[Collected data entries]
####################

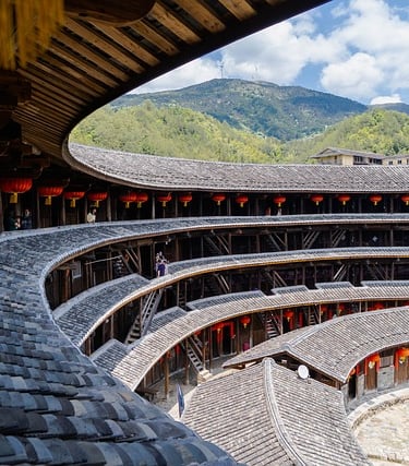 Fujian is located along the southeastern coast of China, facing Taiwan across the Taiwan Strait and bordered by Zhejiang, Jiangxi, and Guangdong. The province features rugged mountains, coastal plains, and numerous islands. Fujian is known for its maritime culture, tea production such as Tieguanyin, Hakka tulou architecture, and strong overseas Chinese connections.
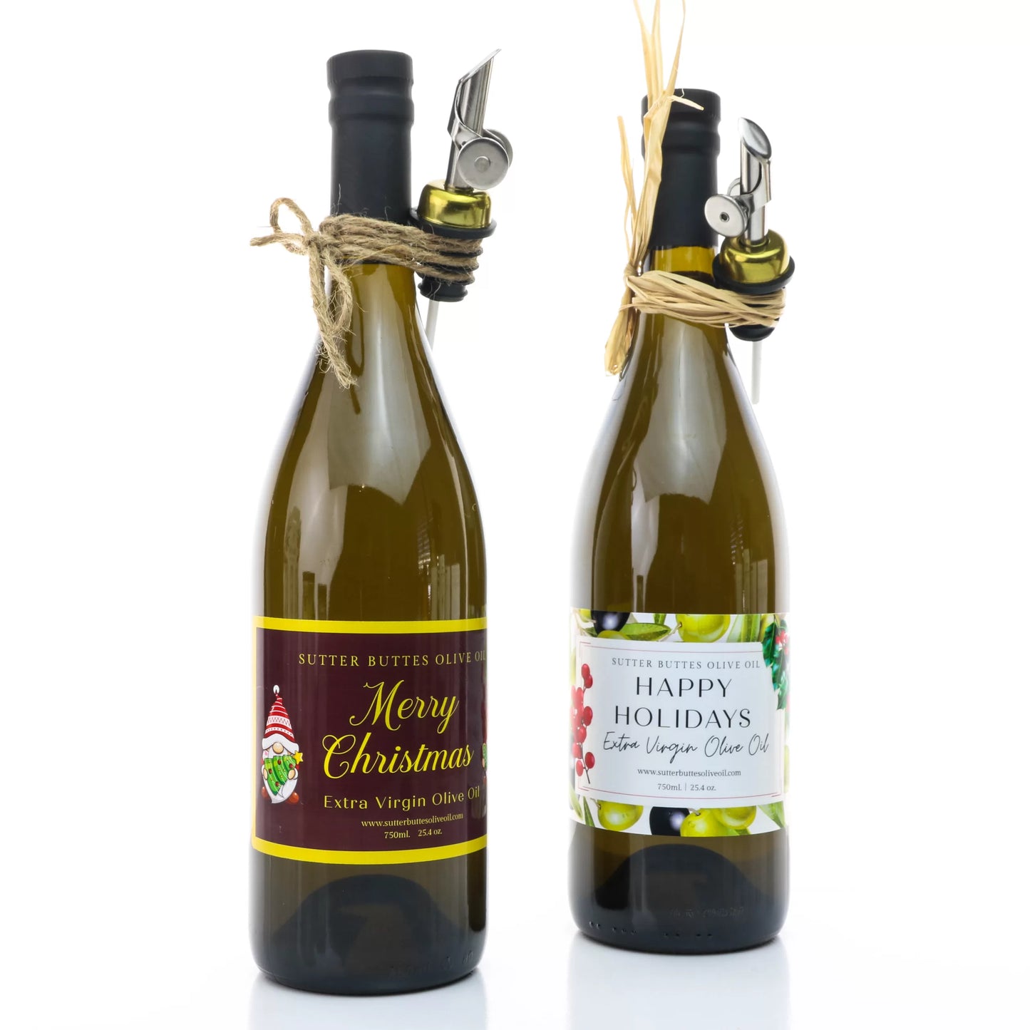 Our premium 750ml Extra Virgin Olive Oil comes with your choice of “Merry Christmas” or “Happy Holidays” label. Mild, versatile, and beautifully bottled, it’s ideal for gifting or elevating festive meals. Add a pour spout for extra flair.
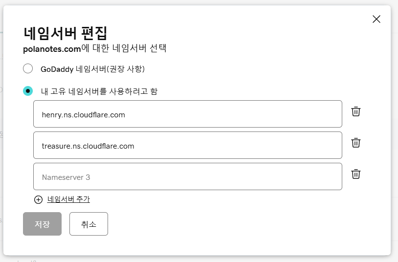 도메인에서 DNS 탭 > 네임 서버 > 네임서버를 변경 버튼을 클릭하면 아래와 같은 창이 나온다.
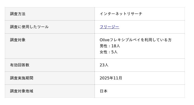 ココモーラでは、ユーザーの生の声を調査するため「Oliveフレキシブルペイに関するアンケート調査」を行いました。アンケート調査の概要は以下の通りです。
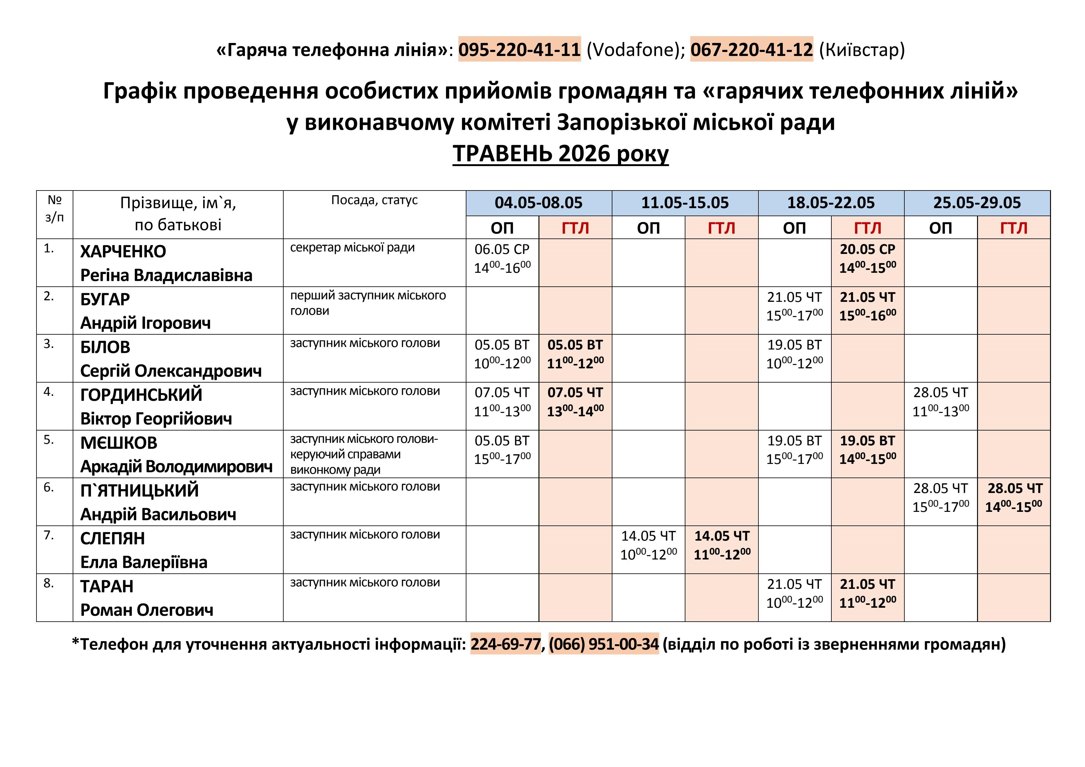 Графік «гарячих» телефонних ліній

####################

- ACTIVITY
All of the lines above should be copied exactly, apart from the pictures.

- ANSWER TO THE PROBLEM
 Fujian is located along the southeastern coast of China, facing Taiwan across the Taiwan Strait and bordered by Zhejiang, Jiangxi, and Guangdong. The province features rugged mountains, coastal plains, and numerous islands. Fujian is known for its maritime culture, tea production such as Tieguanyin, Hakka tulou architecture, and strong overseas Chinese connections.
 Our premium 750ml Extra Virgin Olive Oil comes with your choice of “Merry Christmas” or “Happy Holidays” label. Mild, versatile, and beautifully bottled, it’s ideal for gifting or elevating festive meals. Add a pour spout for extra flair.
 도메인에서 DNS 탭 > 네임 서버 > 네임서버를 변경 버튼을 클릭하면 아래와 같은 창이 나온다.
 ココモーラでは、ユーザーの生の声を調査するため「Oliveフレキシブルペイに関するアンケート調査」を行いました。アンケート調査の概要は以下の通りです。
 Графік «гарячих» телефонних ліній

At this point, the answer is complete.